## [Collected material]
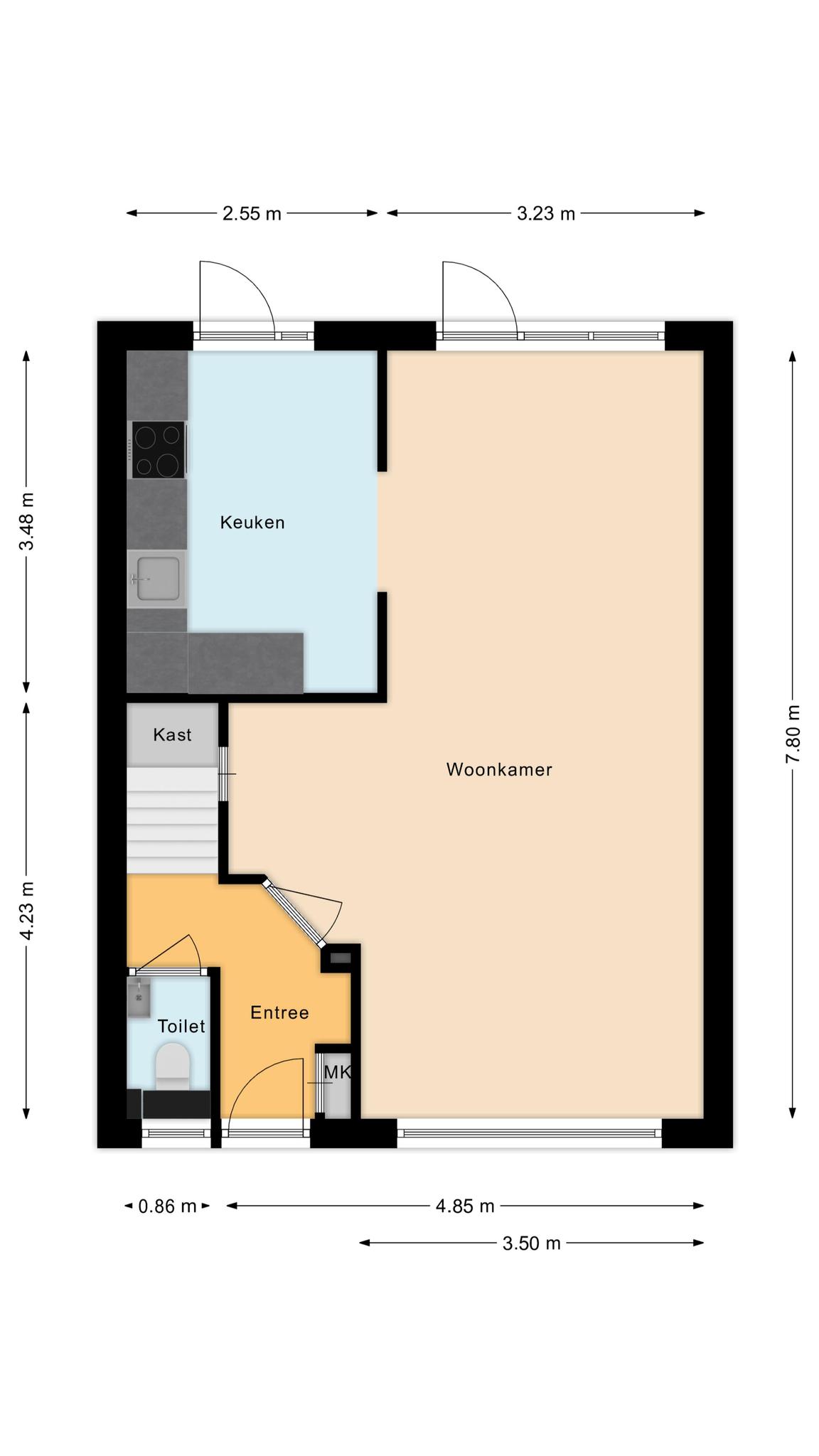 Entree, hal met garderoberuimte, meterkast, toiletruimte met hangend toilet en fonteintje en toegang tot de woonkamer met open keuken.
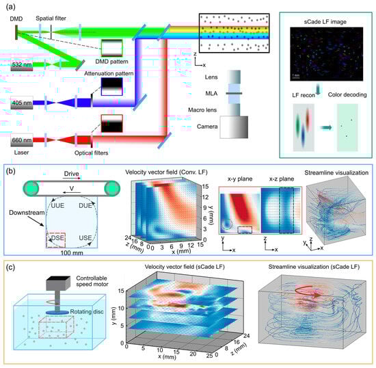- Wang, K.; Xing, F.; Lin, B.; Su, L.; Liu, J.; Yang, X.; Tan, H.; Wang, D. Synthetic Color-and-Depth Encoded (sCade) Illumination-Based High-Resolution Light Field Particle Imaging Velocimetry. Opt. Express 2024, 32, 27042. [Google Scholar] [CrossRef]
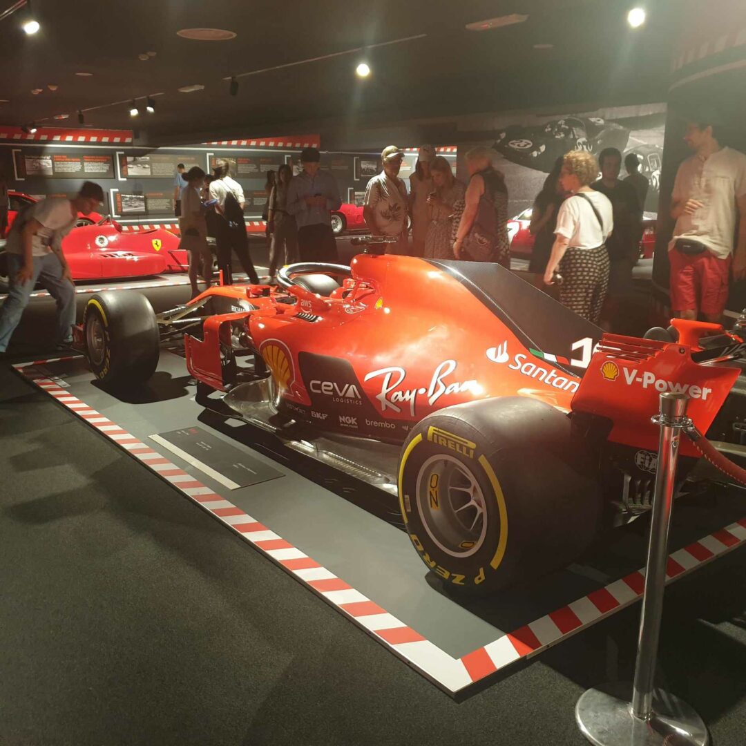 Во Близина на Болоња, Ферари има два музеи, еден е во Маринело, друг во Модена. Посетителите имаат можност да ги посетат и двата, но по препораки од блогери одбравме да одиме во Маринело и мислам дека не згрешивме. Само што ќе се приближиш до музејот те пречекуваат изложени ферари кои за +100 евра десетминутно возење можеш да го пробаш и доживееш чувството да возиш престижна моќна машина. Оставив тоа за друг пат пошто ми беше „соленко“. Влегуваш во музејот и те заболува глава од  дизајнерската умешност на креаторите на Црното коњче. Од уникатни автомобили, до болидите на формула еден на Ферари, па се до стотиците освоени титули во автомобилскиот и Формула 1 светот. Ана ме кандиса (до душа не ми требаше многу мора да признам) да извозам симулација во болид на Ферари на патека по избор од Ф1. Ја одбрав Монца, се разбира. Возиш некои шест и пол минути за 30 евра. Она, седнуваш во кокпит, со рачно менување на брзини, со кочење и давање на туража исто како во прав болид. Јако в крај, ако имате можност не се пропушта.

## [Work to be completed]
Drop the pictures and set down the data above exactly.

## [Written answer]
 Entree, hal met garderoberuimte, meterkast, toiletruimte met hangend toilet en fonteintje en toegang tot de woonkamer met open keuken.
- Wang, K.; Xing, F.; Lin, B.; Su, L.; Liu, J.; Yang, X.; Tan, H.; Wang, D. Synthetic Color-and-Depth Encoded (sCade) Illumination-Based High-Resolution Light Field Particle Imaging Velocimetry. Opt. Express 2024, 32, 27042. [Google Scholar] [CrossRef]
 Во Близина на Болоња, Ферари има два музеи, еден е во Маринело, друг во Модена. Посетителите имаат можност да ги посетат и двата, но по препораки од блогери одбравме да одиме во Маринело и мислам дека не згрешивме. Само што ќе се приближиш до музејот те пречекуваат изложени ферари кои за +100 евра десетминутно возење можеш да го пробаш и доживееш чувството да возиш престижна моќна машина. Оставив тоа за друг пат пошто ми беше „соленко“. Влегуваш во музејот и те заболува глава од  дизајнерската умешност на креаторите на Црното коњче. Од уникатни автомобили, до болидите на формула еден на Ферари, па се до стотиците освоени титули во автомобилскиот и Формула 1 светот. Ана ме кандиса (до душа не ми требаше многу мора да признам) да извозам симулација во болид на Ферари на патека по избор од Ф1. Ја одбрав Монца, се разбира. Возиш некои шест и пол минути за 30 евра. Она, седнуваш во кокпит, со рачно менување на брзини, со кочење и давање на туража исто како во прав болид. Јако в крај, ако имате можност не се пропушта.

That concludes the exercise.